The crucial case of the law may be formulated in modern notation as follows. Thoughts may both be expressed in sentences with more content than is needed to express the Thought, or not expressed at all due to a sentence lacking certain features.
The Philosophy of Arithmetic: Frege and Husserl
Regarding the former case, Frege cites expressive and poetic words as not assisting in the expression of Thoughts; logically, such words are extraneous, whatever their function in everyday language use.
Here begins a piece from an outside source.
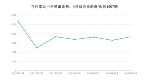 2021年7月,飞行家销量为1102辆,同比增长101.83%,环比增长11.76%。1-7月份,飞行家销量为7643辆,同比增长1%。在最近1年中,飞行家销量在2021年01月达到最高,销量为1607辆。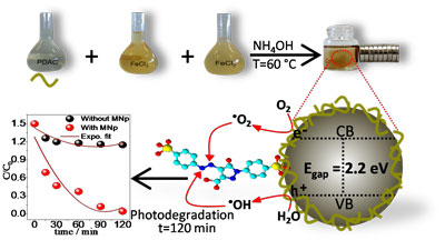 This work reports the synthesis of a magnetic nanohybrid, which plays a key role in photodegrading the yellow dye tartrazine.

As already mentioned, Frege does not think Thoughts are external, sensible objects: truth attaches to Thoughts, but not to sensed objects, and so they cannot be the same. Frege disarms the skeptical claim that, for all we know, Ideas are all that exist. Frege levels two arguments against the claim: one, at least one independent object is needed to best explain our experiences.
To Frege, selves — conscious entities that possess Ideas — cannot be explained in terms of Ideas. He finds it is far more reasonable to posit the self as an independent object than it is to attempt an explanation of selves as specific portions of conscious content.
The second argument is pragmatic: to accept the claim that only Ideas exist is to give up on all substantive inquiry, all of which assumes the existence of external objects in order to be meaningful. This is an unacceptable outcome and thus skepticism is to be rejected. Thus, Thoughts are the bearers of truth, but do not exist as external objects nor as Ideas.
This grasping in turn leads us to action; Thoughts as such have an indirect causal impact on the world.His contributions to the philosophy of language include:. Pohle, Jena. He has already defined one and zero; they are each unique, but different from each other.
Page number reference is to the translation in Van Heijenoort.
Carnap's notes from these lectures, in German, are reproduced in Gabriel  pp. White trans. In the four semesters of his studies he attended approximately twenty courses of lectures, most of them on mathematics and physics.